## SOURCE INFORMATION:
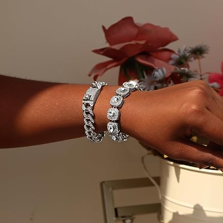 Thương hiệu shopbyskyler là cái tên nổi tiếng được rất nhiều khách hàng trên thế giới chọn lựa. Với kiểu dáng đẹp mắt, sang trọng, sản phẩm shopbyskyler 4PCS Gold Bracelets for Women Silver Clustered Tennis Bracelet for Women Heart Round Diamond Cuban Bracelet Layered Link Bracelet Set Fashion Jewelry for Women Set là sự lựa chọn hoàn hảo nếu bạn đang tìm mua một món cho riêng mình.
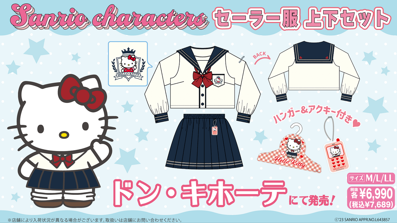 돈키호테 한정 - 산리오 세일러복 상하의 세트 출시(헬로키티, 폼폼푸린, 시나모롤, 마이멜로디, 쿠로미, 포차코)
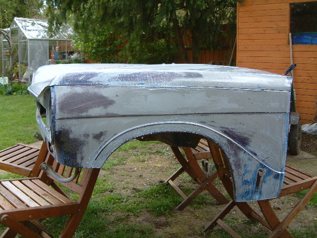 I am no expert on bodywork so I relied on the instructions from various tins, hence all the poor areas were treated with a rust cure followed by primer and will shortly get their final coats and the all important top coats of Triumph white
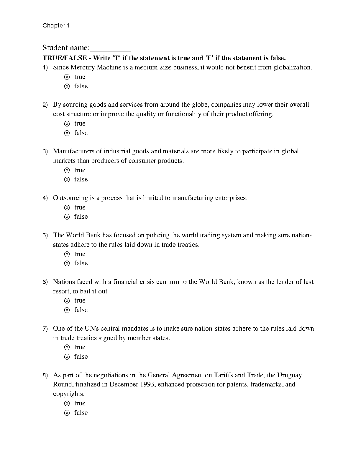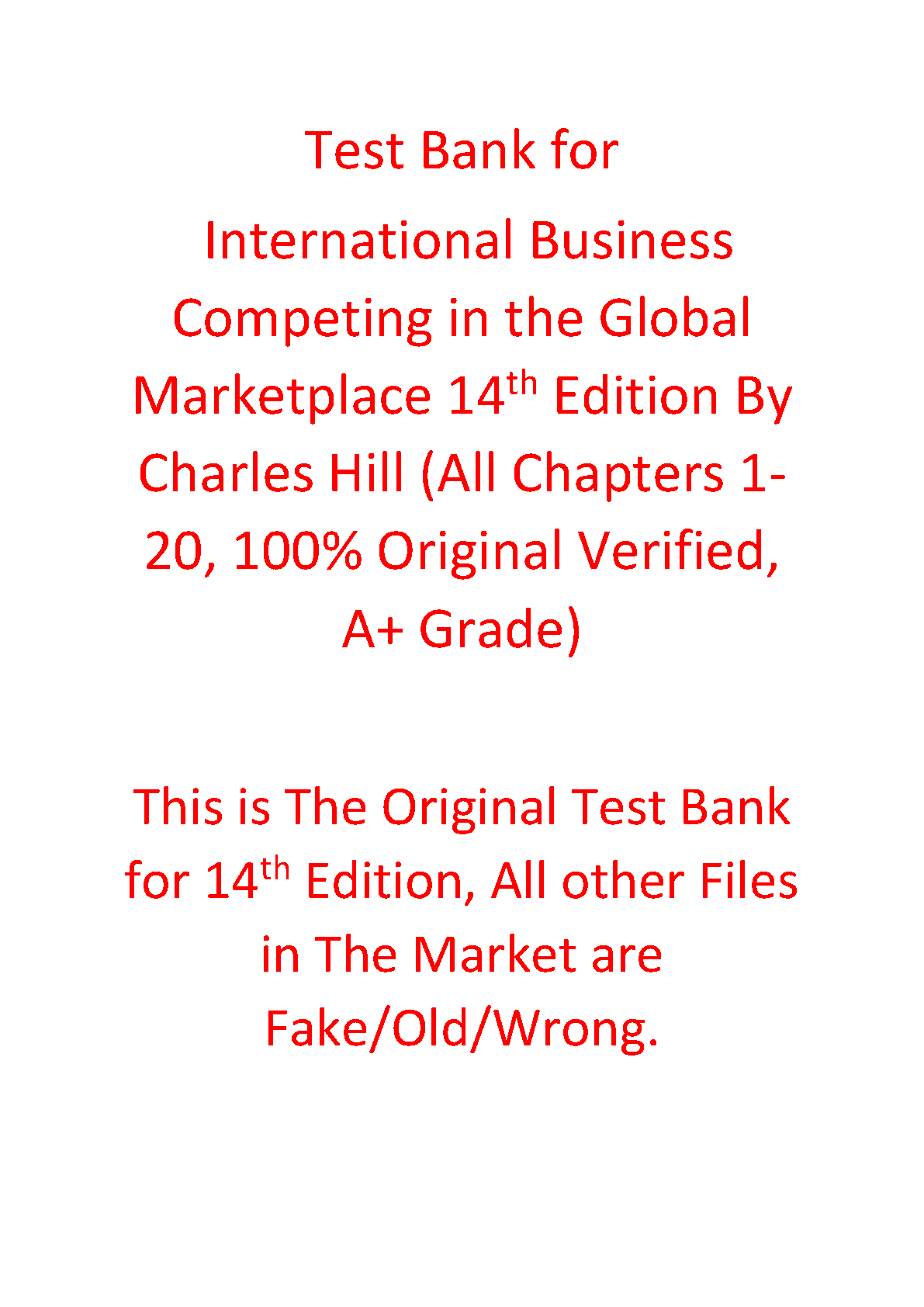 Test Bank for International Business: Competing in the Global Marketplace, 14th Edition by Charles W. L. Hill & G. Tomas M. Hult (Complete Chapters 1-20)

* * *

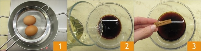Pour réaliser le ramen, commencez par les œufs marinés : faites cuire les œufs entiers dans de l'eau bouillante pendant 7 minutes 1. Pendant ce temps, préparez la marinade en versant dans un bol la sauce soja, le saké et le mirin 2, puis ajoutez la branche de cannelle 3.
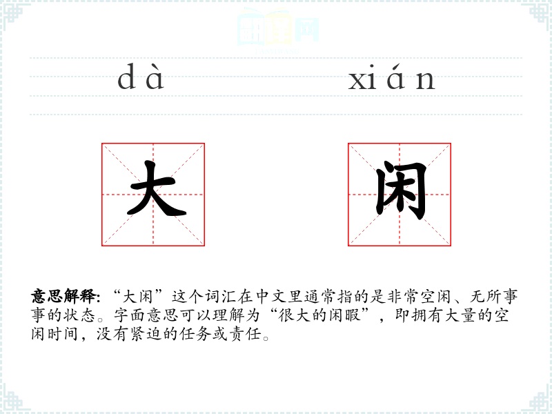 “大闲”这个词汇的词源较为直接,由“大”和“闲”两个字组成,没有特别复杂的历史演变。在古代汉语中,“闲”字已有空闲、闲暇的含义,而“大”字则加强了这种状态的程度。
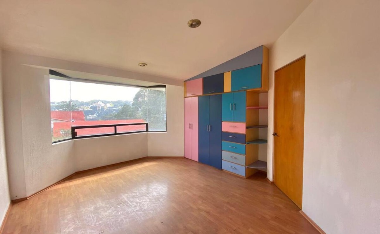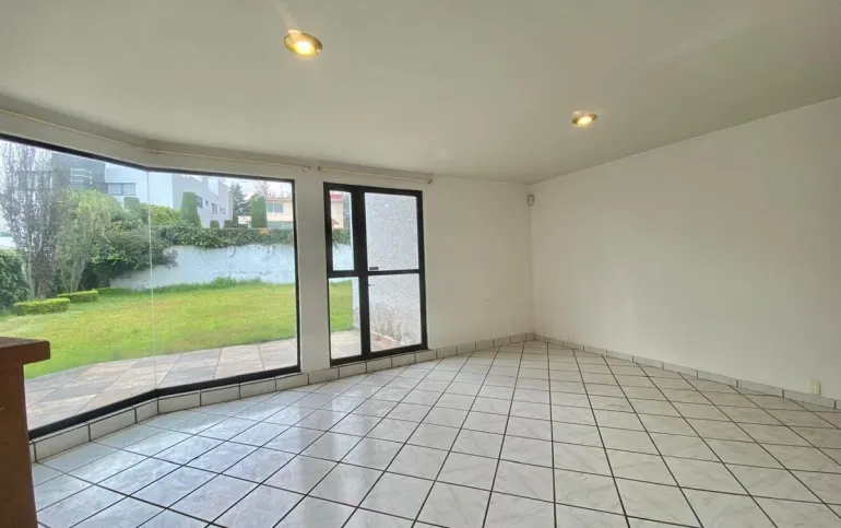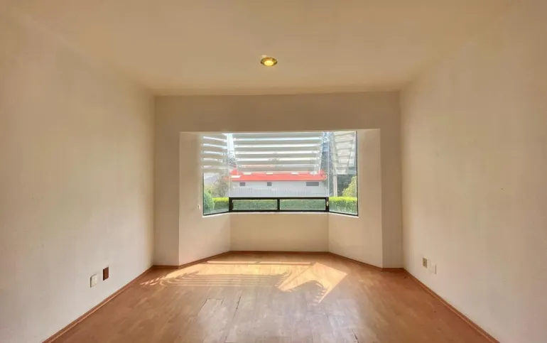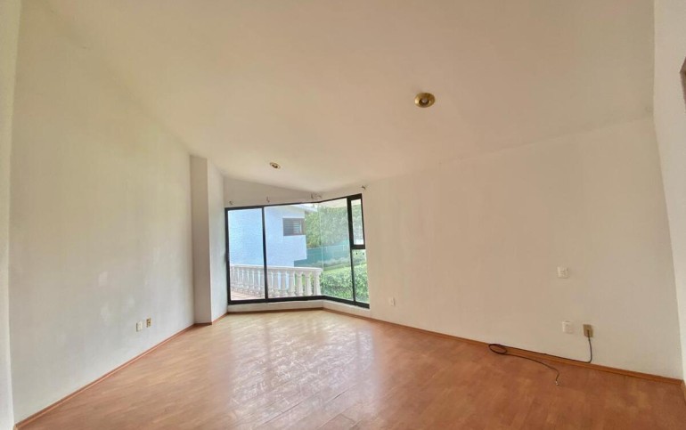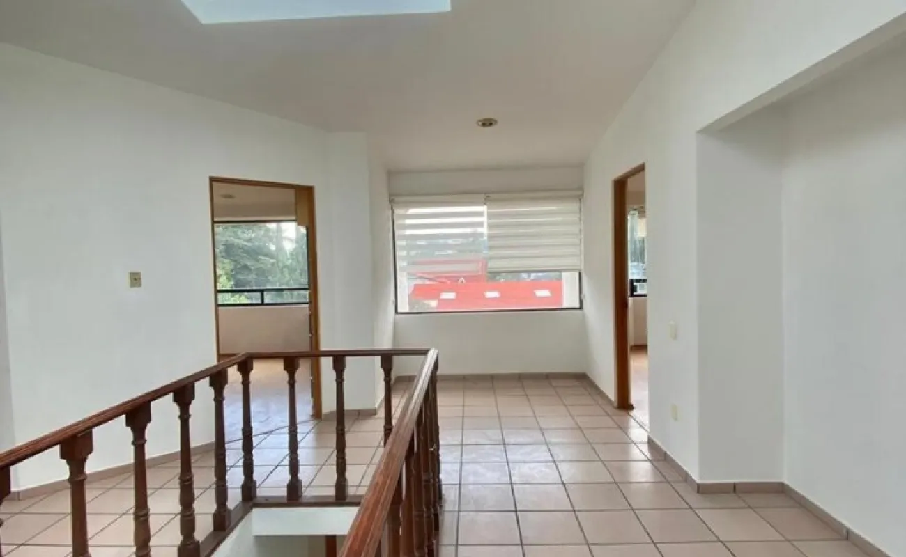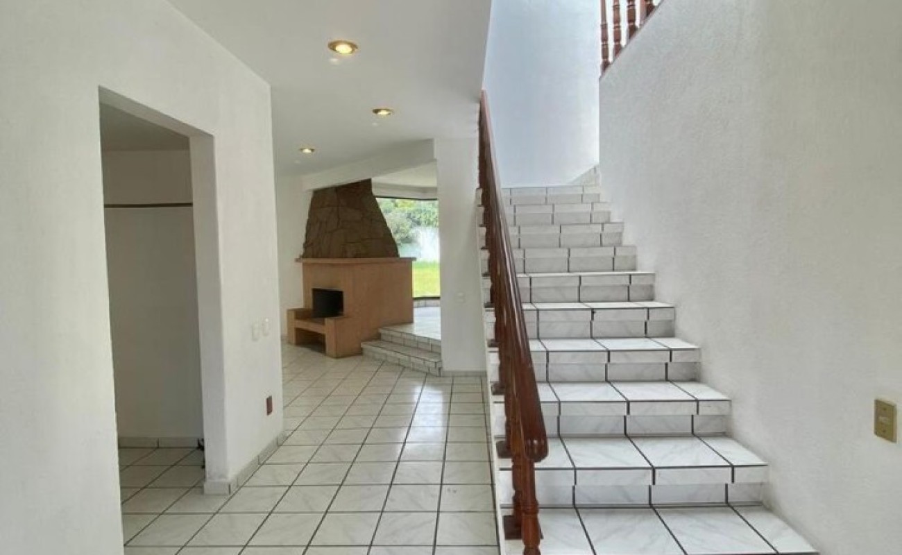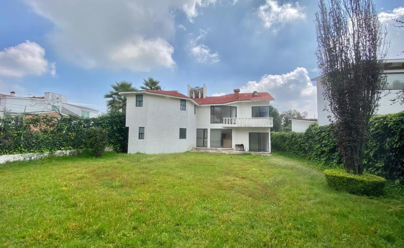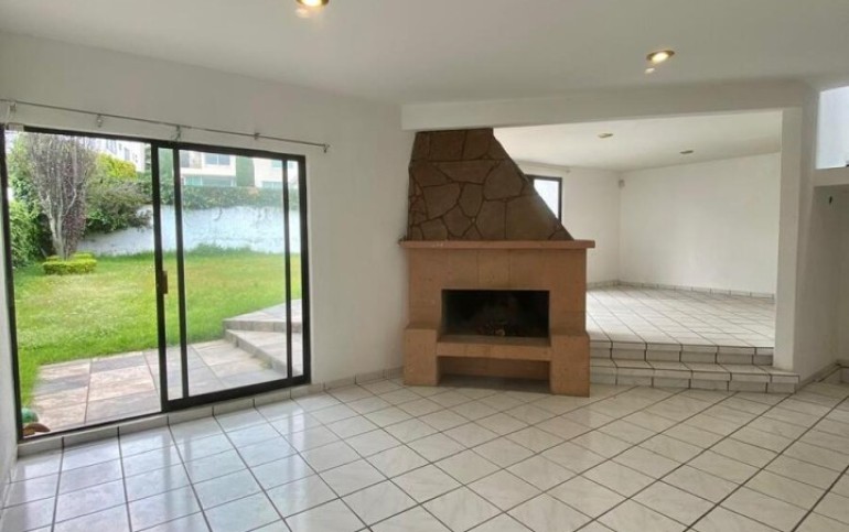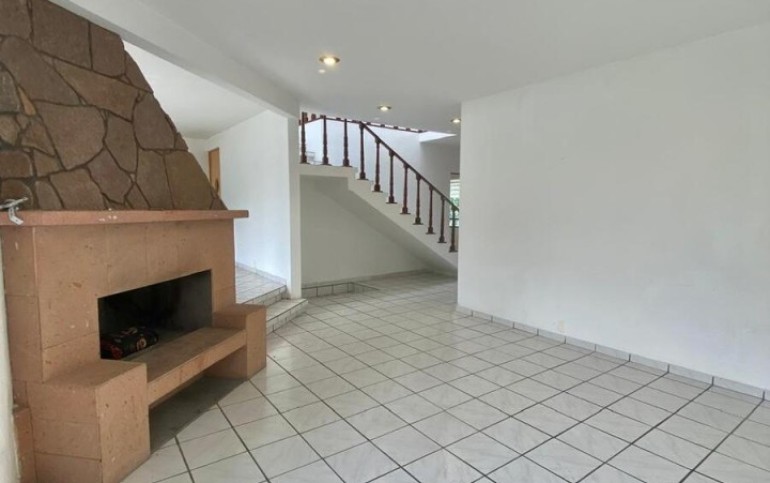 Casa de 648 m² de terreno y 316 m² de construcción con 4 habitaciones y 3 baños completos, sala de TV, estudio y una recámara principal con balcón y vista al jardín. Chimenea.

* * *

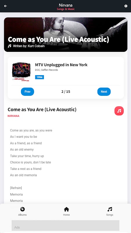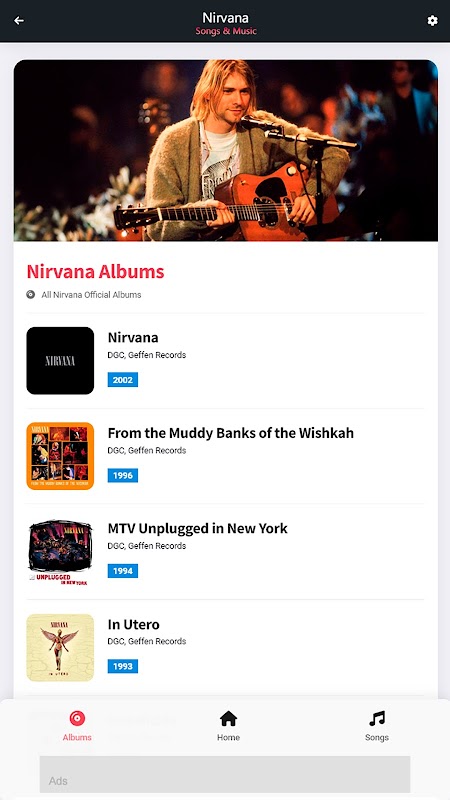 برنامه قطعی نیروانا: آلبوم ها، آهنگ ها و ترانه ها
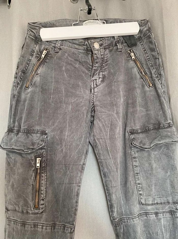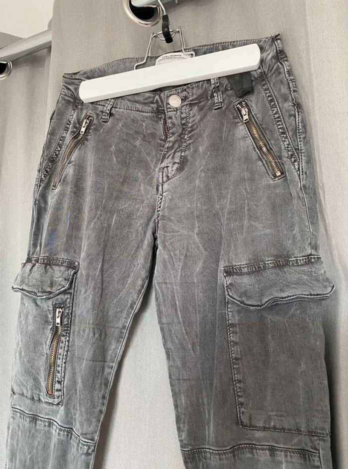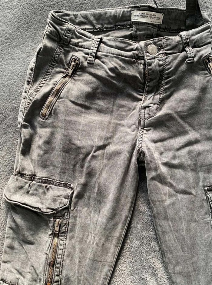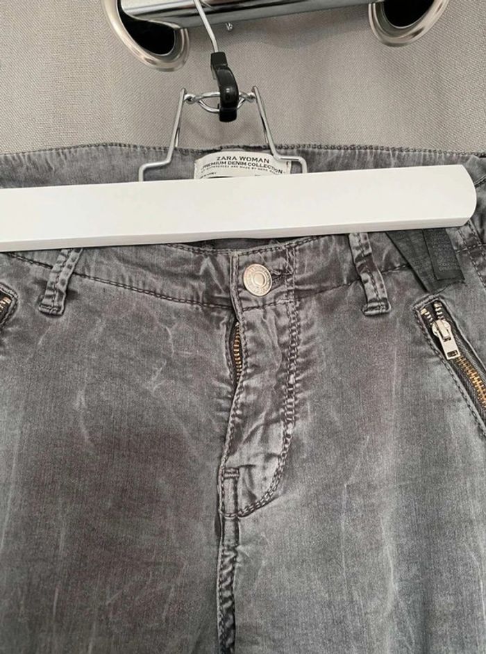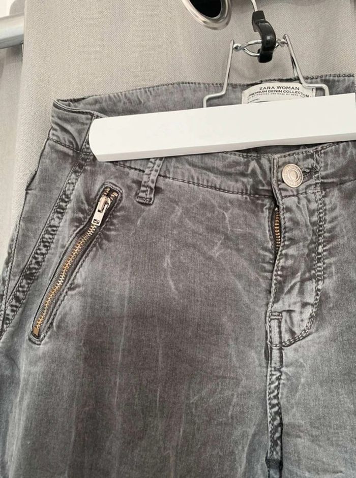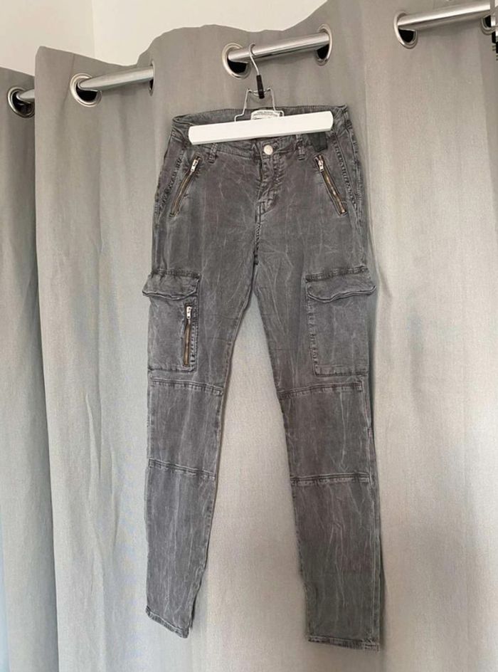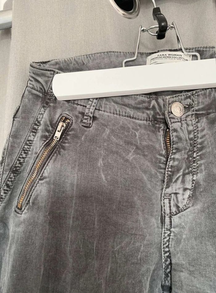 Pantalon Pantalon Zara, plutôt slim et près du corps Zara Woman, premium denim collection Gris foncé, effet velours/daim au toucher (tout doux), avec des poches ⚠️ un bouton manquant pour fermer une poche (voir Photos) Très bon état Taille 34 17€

## WORK INSTRUCTION:
Go back to the lines above and output, exactly as they stand, the ones from the line containing "Thương hiệu shopbyskyler" to the line containing "Test Bank for". Leave all pictures behind.

## RESPONSE FOR THIS EXERCISE:
 Thương hiệu shopbyskyler là cái tên nổi tiếng được rất nhiều khách hàng trên thế giới chọn lựa. Với kiểu dáng đẹp mắt, sang trọng, sản phẩm shopbyskyler 4PCS Gold Bracelets for Women Silver Clustered Tennis Bracelet for Women Heart Round Diamond Cuban Bracelet Layered Link Bracelet Set Fashion Jewelry for Women Set là sự lựa chọn hoàn hảo nếu bạn đang tìm mua một món cho riêng mình.
 돈키호테 한정 - 산리오 세일러복 상하의 세트 출시(헬로키티, 폼폼푸린, 시나모롤, 마이멜로디, 쿠로미, 포차코)
 I am no expert on bodywork so I relied on the instructions from various tins, hence all the poor areas were treated with a rust cure followed by primer and will shortly get their final coats and the all important top coats of Triumph white
 Test Bank for International Business: Competing in the Global Marketplace, 14th Edition by Charles W. L. Hill & G. Tomas M. Hult (Complete Chapters 1-20)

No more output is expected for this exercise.